The insertion parameters of the ideal entry point and trajectory for C2 screw placement in BI patients with HRVA were remarkably different from those of non-HRVA of BI, HRVA of control, and non-HRVA of control cohorts. Preoperative 3D computed tomography (CT) and CT angiography are highly recommended in such patients to improve intraoperative safety and reduce postoperative complications.

摘要

背景

由于基底凹陷症(BI)患者存在较高的解剖结构变异和高位椎动脉(HRVA)发生率,因此 C2 椎弓根螺钉置入术风险较高。然而,目前文献中尚无研究试图确定 BI 合并 HRVA 患者中 C2 椎弓根螺钉置入的理想进钉点和进钉轨迹。

目的

探讨 BI 合并 HRVA 患者 C2 椎弓根螺钉置入的理想进钉点和进钉轨迹参数,并与 BI 无 HRVA 患者和无 BI 对照组患者进行比较,为椎弓根螺钉置入提供指导。

研究设计

回顾性对比研究。

患者样本

本研究纳入了 2017 年 4 月至 2021 年 10 月在两家医疗中心的 198 例连续 BI 患者和 198 例匹配的无 BI 对照组患者共 396 例患者的 792 侧单侧椎弓根。

主要观察指标

椎弓根螺钉置入的参考指标为内、外侧角、表面距离、头倾角度和上关节突上缘垂直距离。此外,通过多元线性回归分析评估影响主要置入参数的因素。

方法

根据 BI 和 HRVA 的诊断,将单侧椎弓根分为 BI 合并 HRVA、BI 无 HRVA、对照组合并 HRVA 和对照组无 HRVA 组。还进行了基于 Goel 分型 A 和 B 的亚组分析。
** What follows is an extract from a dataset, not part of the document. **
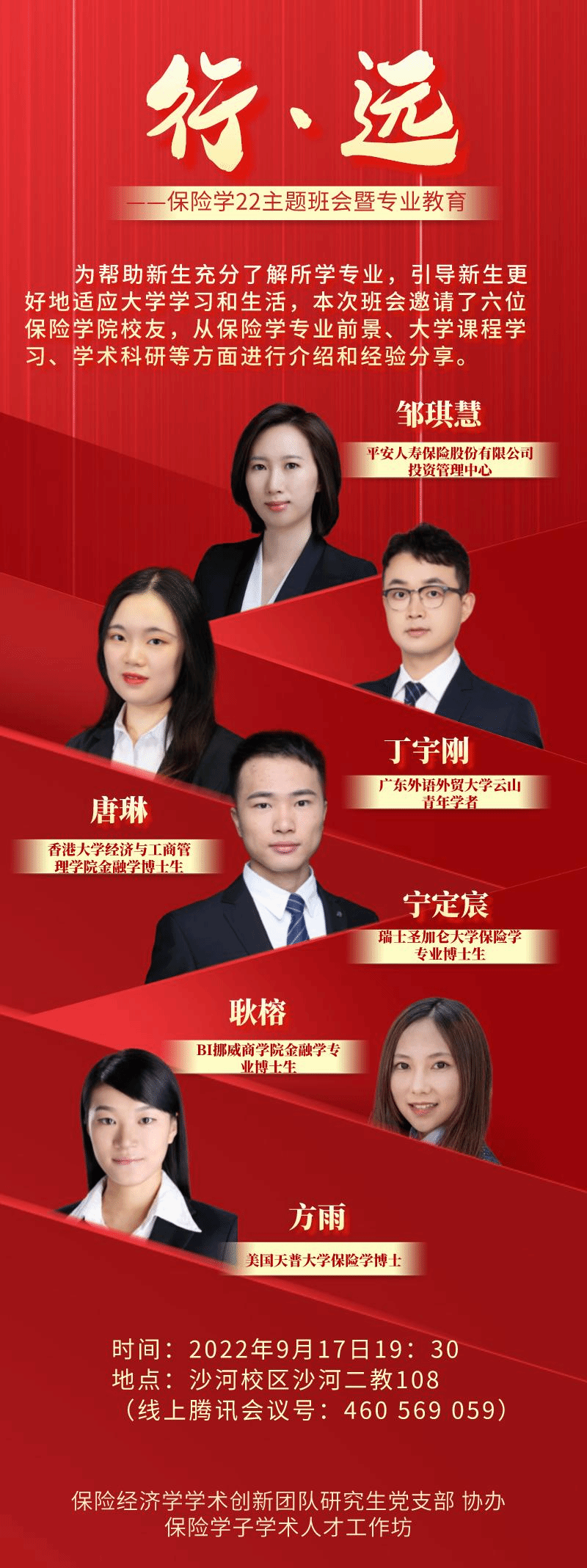 9月17日,在沙河校区主教楼303,新葡萄8883官网AMG官网保险2022班成功举办了第一场“行·远”主题班会。保险学2022班班主任陈华教授、辅导员周葳老师以及六位优秀的新葡萄8883官网AMG官网毕业校友出席班会,保险学22班的40余名同学线下聆听班会,同时在线上向未到校同学和学生家长开放了此次班会。

此外,还对可能导致严重并发症的椎动脉异常进行了识别和系统比较。

结果

BI 合并 HRVA 患者的椎弓根螺钉置入参数测量值为内、外侧角平均 27.42°,头倾角度平均 43.02°,表面距离平均 9.74mm,上关节突上缘垂直距离平均 3.85mm。与 BI 无 HRVA 患者相比,BI 合并 HRVA 患者的进钉点应向上移动 0.38mm,进钉轨迹应向头侧倾斜 6.05°,向内侧倾斜 4.78°。在对照组中,HRVA 和非 HRVA 之间的置入参数变化与 BI 组有相似的趋势。多元线性回归显示,内、外侧角与男性性别(B=-0.930,p=.017)和 HRVA 诊断(B=6.964,p<.001)、Goel 分型 A(B=-1.656,p=.003)和 Goel 分型 B(B=0.981,p=.030)显著相关。此外,头倾角度与横突长度(B=-0.319,p=.001)和 HRVA 诊断(B=3.254,p<.001)和 Goel 分型 A(B=6.924,p<.001)显著相关。BI 组的椎动脉异常明显高于对照组。

结论

BI 合并 HRVA 患者 C2 螺钉置入的理想进钉点和进钉轨迹参数与 BI 无 HRVA、对照组合并 HRVA 和对照组无 HRVA 患者的参数有显著差异。建议对这类患者进行术前三维 CT 和 CT 血管造影检查,以提高术中安全性,减少术后并发症。